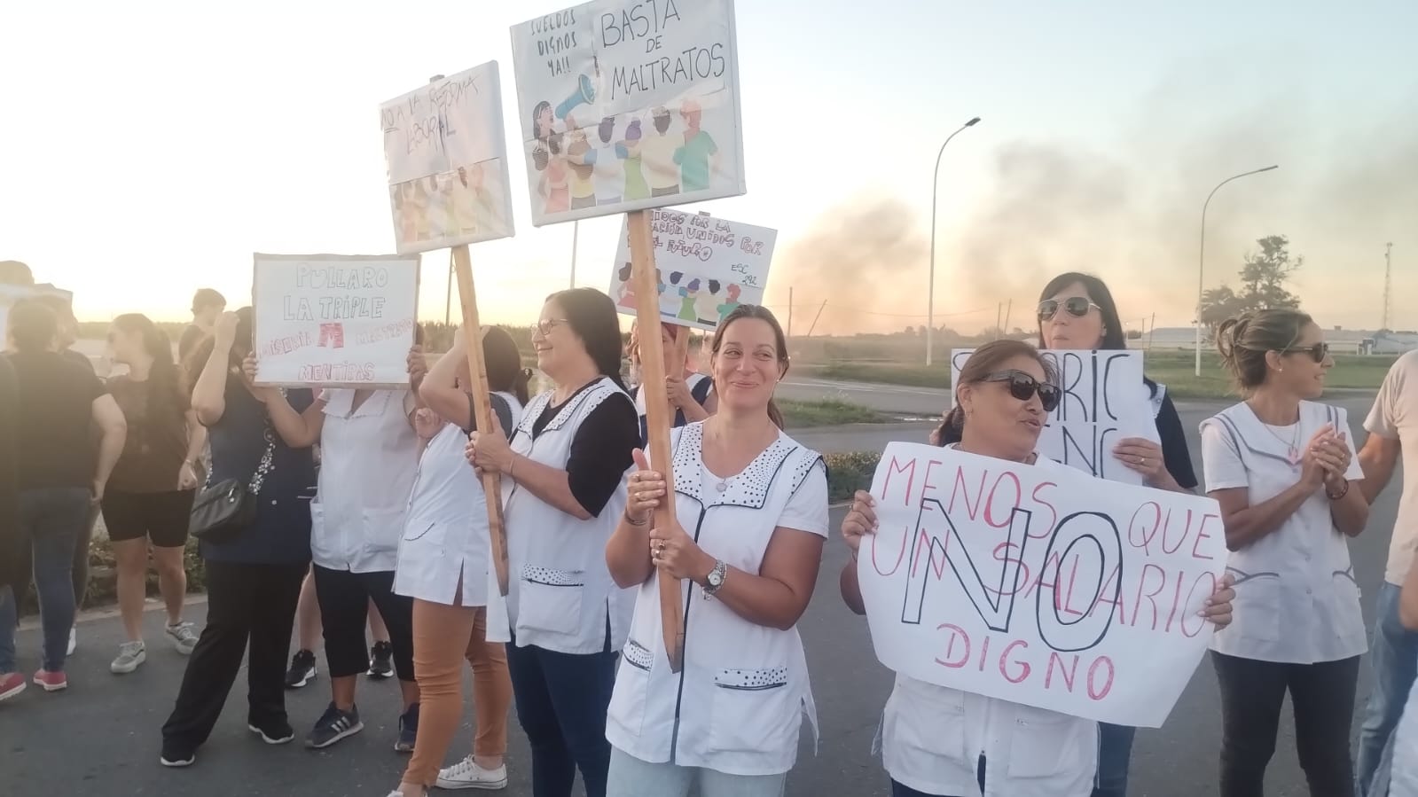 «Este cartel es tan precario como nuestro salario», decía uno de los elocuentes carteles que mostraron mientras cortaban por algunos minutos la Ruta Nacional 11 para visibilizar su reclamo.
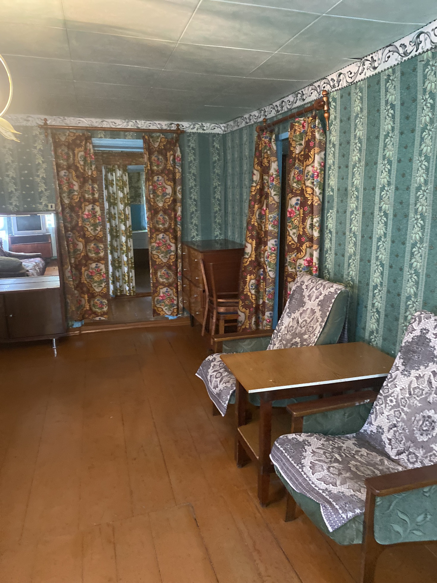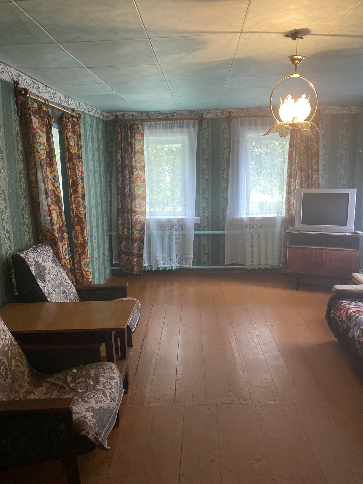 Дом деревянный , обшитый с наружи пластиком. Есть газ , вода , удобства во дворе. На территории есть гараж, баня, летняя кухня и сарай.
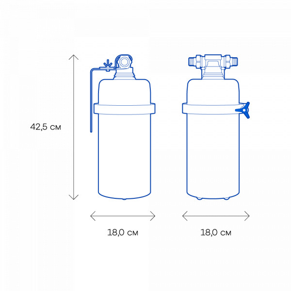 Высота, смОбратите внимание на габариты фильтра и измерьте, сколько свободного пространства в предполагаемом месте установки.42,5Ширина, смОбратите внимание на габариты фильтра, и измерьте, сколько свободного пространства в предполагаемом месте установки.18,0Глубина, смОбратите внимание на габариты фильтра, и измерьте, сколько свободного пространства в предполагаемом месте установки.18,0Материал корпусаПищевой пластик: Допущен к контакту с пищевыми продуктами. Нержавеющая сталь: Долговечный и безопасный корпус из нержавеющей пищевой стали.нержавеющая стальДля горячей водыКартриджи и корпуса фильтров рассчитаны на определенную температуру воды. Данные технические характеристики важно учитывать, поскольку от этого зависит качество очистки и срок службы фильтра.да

▬▬▬▬▬▬

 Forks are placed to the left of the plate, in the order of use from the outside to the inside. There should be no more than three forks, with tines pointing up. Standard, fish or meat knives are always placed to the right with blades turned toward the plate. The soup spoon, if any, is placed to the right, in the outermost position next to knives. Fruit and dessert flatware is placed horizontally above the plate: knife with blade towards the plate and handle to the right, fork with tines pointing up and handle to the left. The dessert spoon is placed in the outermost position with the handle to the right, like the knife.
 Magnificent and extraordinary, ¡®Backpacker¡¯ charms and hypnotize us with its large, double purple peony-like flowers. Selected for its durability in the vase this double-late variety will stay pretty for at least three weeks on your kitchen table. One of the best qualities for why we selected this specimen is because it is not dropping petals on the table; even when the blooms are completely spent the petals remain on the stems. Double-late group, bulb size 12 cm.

▬▬▬▬▬▬

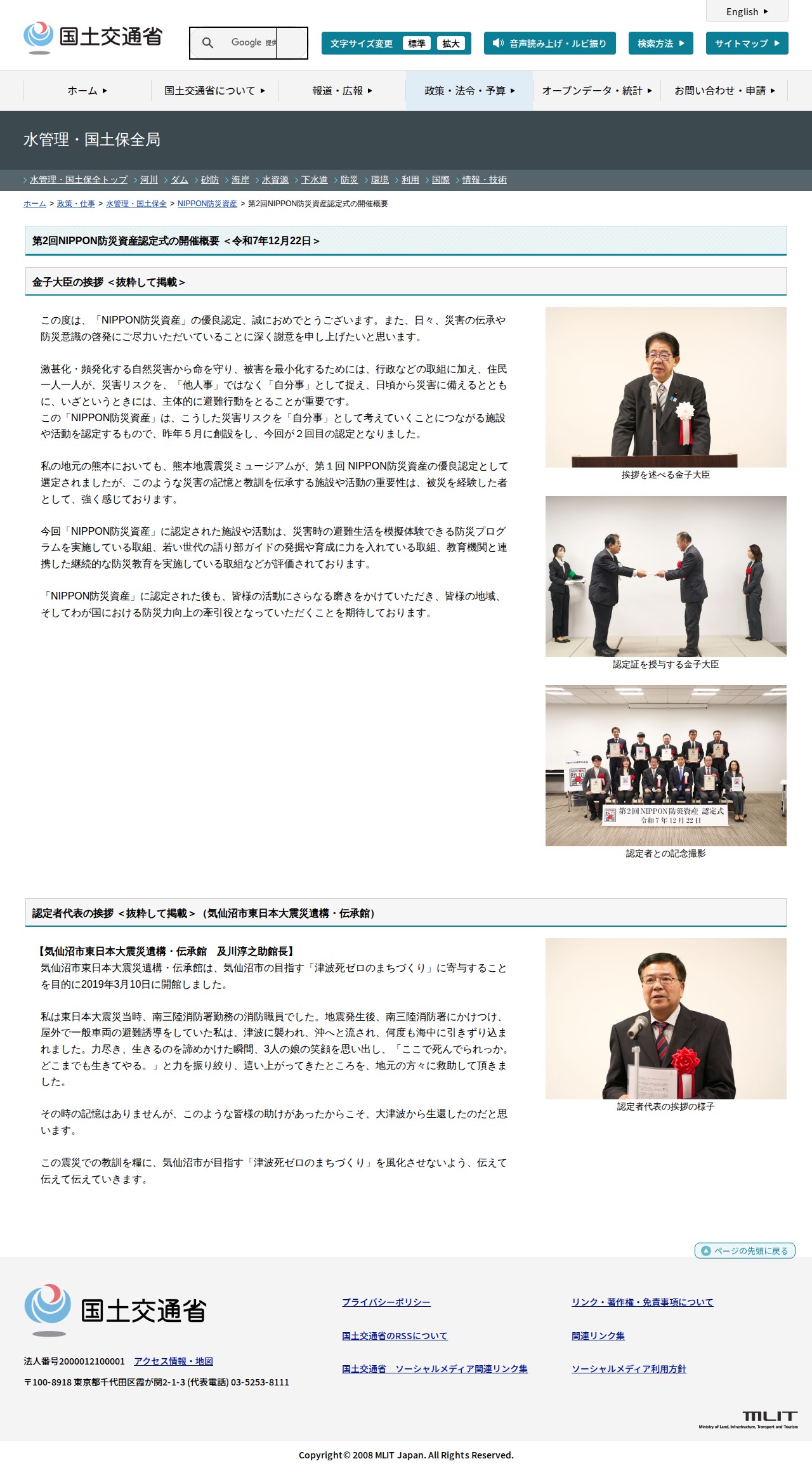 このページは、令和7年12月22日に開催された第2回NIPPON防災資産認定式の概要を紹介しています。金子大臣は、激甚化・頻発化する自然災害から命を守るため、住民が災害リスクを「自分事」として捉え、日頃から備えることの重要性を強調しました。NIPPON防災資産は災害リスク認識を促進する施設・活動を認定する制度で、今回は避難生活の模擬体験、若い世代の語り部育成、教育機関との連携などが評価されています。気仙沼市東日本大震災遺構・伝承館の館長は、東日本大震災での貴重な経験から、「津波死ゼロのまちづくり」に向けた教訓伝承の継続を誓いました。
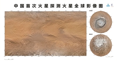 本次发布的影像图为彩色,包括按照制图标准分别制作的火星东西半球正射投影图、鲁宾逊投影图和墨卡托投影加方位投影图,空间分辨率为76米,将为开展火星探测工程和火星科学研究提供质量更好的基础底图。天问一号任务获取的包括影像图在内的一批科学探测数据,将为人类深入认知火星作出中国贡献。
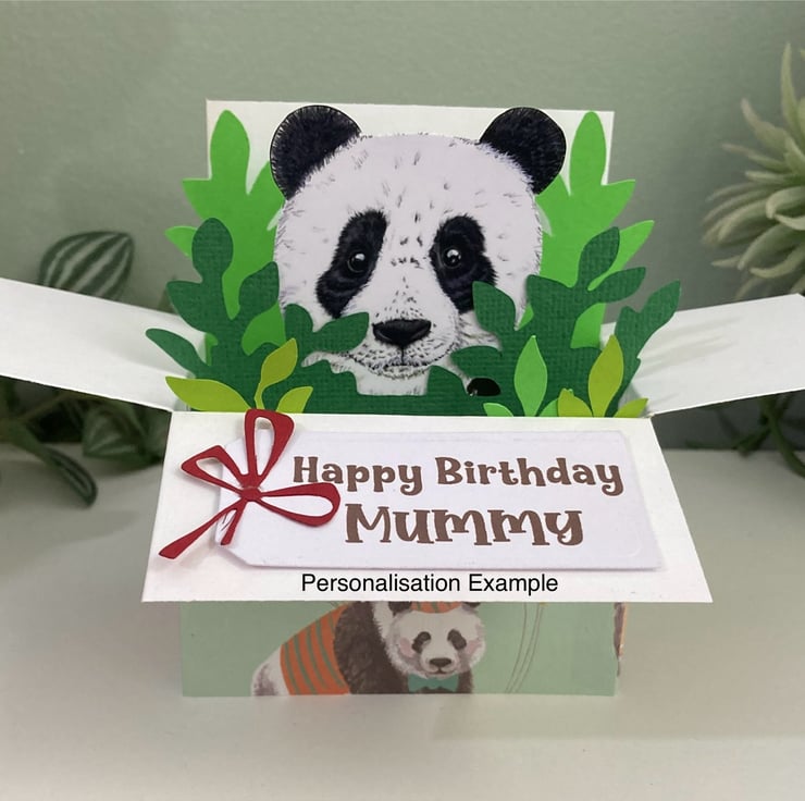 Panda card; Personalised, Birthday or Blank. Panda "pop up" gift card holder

▬▬▬▬▬▬

ASSIGNMENT: Please repeat the lines of the material above exactly, starting with the line that contains "このページは、令和7年12月" and ending with the line that contains "Panda card; Personalised, Birthday". Leave the pictures out.

ANSWER:
 このページは、令和7年12月22日に開催された第2回NIPPON防災資産認定式の概要を紹介しています。金子大臣は、激甚化・頻発化する自然災害から命を守るため、住民が災害リスクを「自分事」として捉え、日頃から備えることの重要性を強調しました。NIPPON防災資産は災害リスク認識を促進する施設・活動を認定する制度で、今回は避難生活の模擬体験、若い世代の語り部育成、教育機関との連携などが評価されています。気仙沼市東日本大震災遺構・伝承館の館長は、東日本大震災での貴重な経験から、「津波死ゼロのまちづくり」に向けた教訓伝承の継続を誓いました。
 本次发布的影像图为彩色,包括按照制图标准分别制作的火星东西半球正射投影图、鲁宾逊投影图和墨卡托投影加方位投影图,空间分辨率为76米,将为开展火星探测工程和火星科学研究提供质量更好的基础底图。天问一号任务获取的包括影像图在内的一批科学探测数据,将为人类深入认知火星作出中国贡献。
 Panda card; Personalised, Birthday or Blank. Panda "pop up" gift card holder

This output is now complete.